I’ve been pre-occupied lately with more medical stuff. Some of it is the same old stuff with some new developments, and some of it is new.

First, the old stuff. I had to go back to the gynecologist for a check on all the shenanigans earlier this year. The timing was fortuitous, since after I had set the appointment I started bleeding again and could talk to her about that odd occurrence. With my levels of estrogen and progesterone being pretty much non-existent when tested in April this was unexpected, so now I get to have the endometrial biopsy. Hooray (not). At least this doctor believes in good drugs. I took some misoprostol last night to “prep the area,” and was instructed to take a hydrocodone before I arrive at the office. My neighbor and friend is driving me to the doctor’s office, so I won’t be a hazard to anyone on the road.

I don’t expect that there will be any problems found with the biopsy, but it’s recommended to make sure my bleeding isn’t caused by something bad. When I told the doc that I haven’t had any hot flashes in a couple of months, she said it was likely my ovaries produced some extra estrogen for a while, which is why this happened. Sadly, the hormonal pendulum seems to be swinging back the other direction because I’ve started having a few little hot flashes during the night and evenings. (I wonder why they happen so much more often in the evening? I’ll have to ask the doctor.)

The really shocking thing I’ve been working on absorbing is that I was diagnosed with a form of glaucoma called angle closure glaucoma. This all came about when I went in for what I thought would be a routine eye exam not quite two weeks ago. I had been experiencing some redness in my right eye, and had noticed that the eye was looking a little odd, but I didn’t imagine it was anything serious.

The optometrist told me that the intraocular pressure in my right eye was very high, that I needed to use some drops over the weekend to reduce the pressure, and to come back on Monday when another doc could evaluate me for glaucoma. I tried not to worry about it over the weekend and used the drops as prescribed. When I went back on Monday the second doctor repeated all the tests and referred me to an ophthalmologist, where I was seen later that day. Two doctors examined me there and that’s when I was given the diagnosis and told I needed laser surgery to correct it. The drops were working to reduce the intraocular pressure, so I needed to continue those for another week until the surgery could be scheduled.

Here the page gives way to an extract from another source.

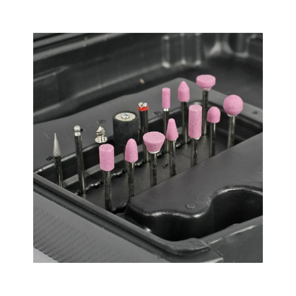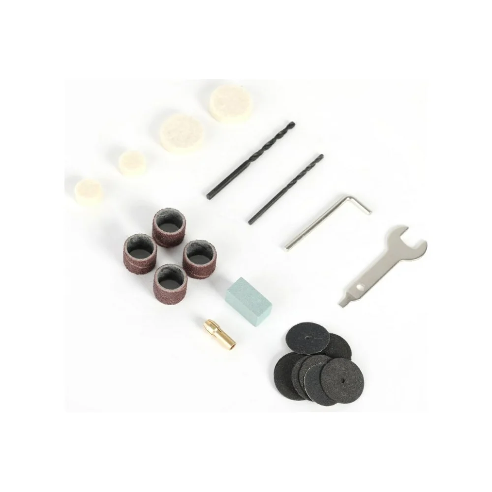 Комплектация Гравер; Гибкий вал; Цанга 2.3 мм; Точильный камень 3.2 мм - 10 шт; Фиксатор цанги; Ключ; Держатель 3.2 мм - 2 шт; Насадка для шлиф. бумаги, ленты 3.2 мм; Шлифовальная лента - 4 шт; Шлифовальная бумага - 4 шт; Отрезной диск - 8 шт; Войлочный полировальный круг - 4 шт; Точильный камень; Сверло 2.3 мм; Сверло 3.2 мм; Алмазная шарошка 3.2 мм - 2 шт; Кейс

Yesterday was the big day, and after a laser peripheral iridotomy, I now have an extra hole in my iris. It’s been amazing how quickly the procedure has worked to get my eye looking normal again. Due to the pressure, my pupil was distorted and the iris looked bigger in my right eye than my left. Within a few hours the pupil shape and iris were looking closer to normal again.

Unfortunately, I’ll never regain the vision I lost in the eye. The vision loss seems to be mostly peripheral, and I can’t say I really notice it very much. I’ve apparently had this angle closure issue for “a while” now, so the vision loss has happened slowly enough that it never triggered any alarms for me. After the laser procedure yesterday the doctor told me that the reason I have the angle closure issue is that I have plateau iris syndrome: the shape of my iris makes the drainage angles in my eyes very narrow and easily blocked. If the iridotomy alone doesn’t work, I’ll need another laser procedure to widen the angles. I’ll also need to get the left eye fixed, too, so I can minimize any vision loss in it.

I’ve been getting my eyes examined every year since I have a vision plan as part of my employer benefits. However, this issue of narrow angles is apparently only recognized when there is a special exam called a gonioscopy — which isn’t part of a standard eye exam — performed. I’m making a list of questions to ask the doctor during my follow-up visit, and I’ve also already let my sister know about this since plateau iris and glaucoma seem to run in families.

The lesson here is to get your eyes checked every year. And if you have any history of glaucoma in your family, you may even want to request a gonioscopy to confirm if you have narrow angles. If I had been diagnosed with the plateau iris condition sooner I could have had iridotomy years ago and perhaps saved more of my vision.